Patients with biopsy-proven rejection were treated according to the histological phenotype and severity. Briefly, TCMR episodes were treated with steroids and severe clinical TCMR patients received thymoglobulin infusions. ABMR was mostly treated with plasmapheresis and intravenous immunoglobulins±rituximab. The study complies with all regulations, and informed consent was obtained from the participants. The experiments were conducted according to established ethics guidelines and the Declaration of Helsinki. This study was approved by the Bioethics Committee of the Vilnius Region (approval No. 158200-17-901-409).

CHEMOKINE DETECTION:

Urinary CXCL9 and CXCL10 measurements were performed retrospectively on midstream urine samples (collected before kidney biopsy and stored at −20°C without any additives) with “Human MIG (CXCL9) Mini ABTS ELISA Development Kit” (Peprotech, Catalog #900-M87) and “Human IP-10 (CXCL10) Mini ABTS ELISA Development Kit” (Peprotech, Catalog #900-M39), respectively. All procedures were carried out as recommended by the manufacturer using ELISA reagents provided in the “ABTS ELISA Buffer Kit” (Peprotech, Catalog #900-K00). Briefly, for CXCL9 measurement, ELISA plate wells were coated overnight at room temperature with 1 μg/mL Rabbit Anti-Human MIG (CXCL9) antibody, and for the CXCL10 measurement, wells were coated overnight at room temperature with 0.5 μg/mL Rabbit Anti-Human IP-10 (CXCL10) antibody, washed, and then blocked. Each urine sample (100 μL per well) and ELISA kit standards were tested in triplicate by incubating for 2 h at room temperature. After washing, biotinylated Rabbit Anti-Human MIG (CXCL9) or IP-10 (CXCL10) secondary polyclonal antibody was added at 1 μg/mL or 0.25 μg/mL, respectively, and incubated for 2 h at room temperature. Plates were then washed, and incubated with avidin-horseradish peroxidase conjugate for 30 min at room temperature. After washing, the signal was developed with ABTS substrate by incubating for 25 min for CXCL9 detection and for 20 min for CXCL10 detection. Optical density (OD) was read at 405 nm with wavelength correction set at 650 nm using a “Multiskan GO” spectrophotometer (Thermo Scientific). CXCL9 and CXCL10 concentrations were calculated from standard curves using the 4-parameter logistic model curve fit in “OriginPro 8” (OriginLab) software. Detection ranges were 16–1000 pg/mL for both CXCL9 and CXCL10. Urine samples with measured ODs exceeding the OD of the 1000 pg/mL standards were diluted and retested. To correct for different urine dilutions, the excretion of urine proteins was normalized to urine creatinine (ie, ng protein/mmol creatinine).

STATISTICAL ANALYSIS:

Continuous variables were presented as mean±standard deviation, or median (interquartile range) according to the type of data. The normality of quantitative data was tested by the Kolmogorov-Smirnov test. We used the t test and Mann-Whitney U test to compare continuous variables with normal and skewed distributions, respectively. The Spearman’s rank correlation coefficient and unsupervised hierarchical clustering analysis with logarithmic values of CXCL9 concentration normalized to creatinine concentrations (CXCL9/cre) and CXCL10/cre were used to explore the relationship between urinary CXCL9/cre, CXCL10/cre and Banff scores.
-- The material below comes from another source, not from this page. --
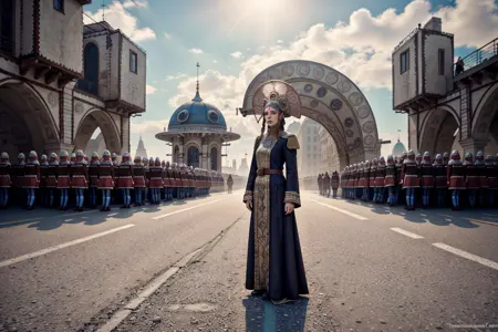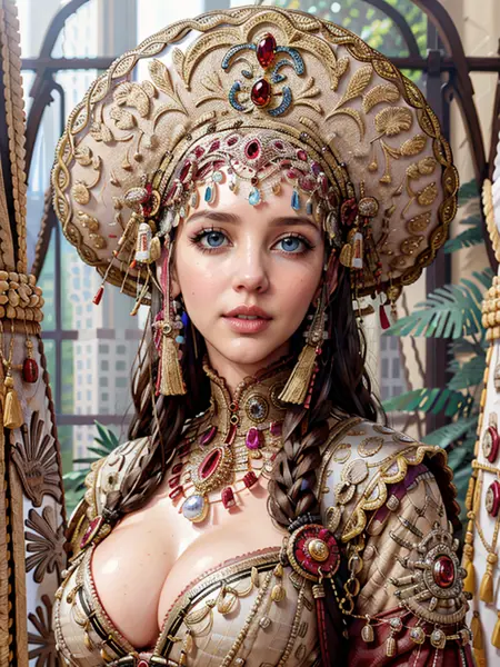 This LORA is focused on generating kokoshnik, huge head pieces in the style of 16th to 20th century Russian and Slavic countries. I had created a previous model called Slavic Crowns - Panache which was trained on a wide variety of headpieces from different regions and time periods. Thanks to @netgoblin for filling me in about the Kokoshnik or traditional Russian headdress worn by women and girls to accompany the trapezoidal dress called a sarafan. I think the concept deserves further study so I created at least eight more lora that focus on specific contours and shapes of kokoshnik. For example, Arrowhead, Disk, Fan, Ring, Mitre, Bicorn, Weird and covered eyes. I am going to do one more that combines all the training data and concepts trained into one, Kokoshnik-All.

The ability of urinary CXCL10/cre and CXCL9/cre to detect transplant rejection was analyzed by constructing receiver operating characteristic (ROC) curves. The Youden index was estimated from the ROC curve to calculate the optimal threshold value. These cut-off values were used to calculate the sensitivity and specificity of urinary CXCL10/cre for diagnosis of the rejection. A multivariate Cox proportional regression analysis was performed to analyze the association of CXCL/cre levels with graft survival. A P value less than 0.05 was considered statistically significant. Statistical analyses were performed with SPSS 29.0 (SPSS, Inc, Chicago, IL, USA).

Results

CXCL9/CRE AND CXCL10/CRE LEVELS ARE INCREASED IN PATIENTS WITH REJECTION:

The median of CXCL9/cre levels in the rejection group (5.55 [IQR 1.04–15.88] ng/mmol) was significantly higher than in the normal histology group (0.00 [IQR 0.00–0.89] ng/mmol) and the other histology group (1.83 [IQR 0.00–9.54] ng/mmol), P<0.05 (Figure 1).

The diagnostic performance of CXCL9/cre in discriminating transplant rejection from normal histology was estimated by receiver operating characteristic (ROC) curve analysis. The ROC area under the curve (AUC) value was 0.857 (95% CI 0.771–0.943, P<0.001). The cut-off value of CXCL9/cre that showed the best sensitivity (70.5%) and specificity (92.3%) was 2.45 ng/mmol. We further tested CXCL9/cre diagnostic performance in discriminating rejection from all other histological groups (including normal histology and other histology abnormalities like recurrent glomerulonephritis, and glomerulosclerosis). The ROC AUC value was 0.728 (95% CI 0.632–0.824, P<0.001), the cut-off value of 0.11 ng/mmol resulted in the best sensitivity (76.9%), and specificity (73.1%) (Figure 2). The negative predictive value was 82.5%, while the positive predictive value was 48.1%.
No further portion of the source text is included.